The second problem with NPF-protocol is that it needed loopback mode to capture sent-packets. LWFs don’t need loopback -- in fact, it would be actively harmful. Let’s use the same diagram to see why. Here’s NPF capturing the receive path in promiscuous mode:
Now let’s see what happens when a unicast packet is received:
Since the packet matches the hardware’s filter, the packet comes up the stack. Then when the packet gets to the protocol layer, NDIS gives the packet to both protocols, tcpip and npf, since both protocols’ packet filters match the packet. So that works well enough.
But now the send path is tricky:
tcpip sent a packet, but npf never got a chance to see it! To solve this problem, NDIS added the notion of a “loopback” packet filter flag. This flag is a little bit special, since it doesn’t go to the hardware. Instead, the loopback packet filter tells NDIS to bounce all send-traffic back up the receive path, so that diagnostics tools like npf can see the packets. It looks like this:
Now the loopback path is really only used for diagnostics tools, so we haven’t spent much time optimizing it. And, since it means that all send packets travel across the stack twice (once for the normal send path, and again in the receive path), it has at least double the CPU cost. This is why I said that an NDIS LWF would be able to be capture at a higher throughput than a protocol, since LWFs don’t need the loopback path.
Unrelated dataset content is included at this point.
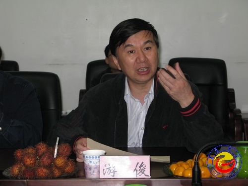 图为 游俊书记介绍学校情况

Why not? Why don’t LWFs need loopback? Well if you go back and look at the last few diagrams, you’ll see that all of our LWFs saw all the traffic – both send and receive – without any loopback. So the LWF meets the requirements of seeing all traffic, without needing to bother with loopback. That’s why a LWF should normally never set any loopback flags.
Ok, that email got longer than I wanted, but I hope that clears up some of the questions around the packet filter, the loopback path, and how LWFs are different from protocols. Please let me know if anything wasn’t clear, or if the diagrams didn’t come through.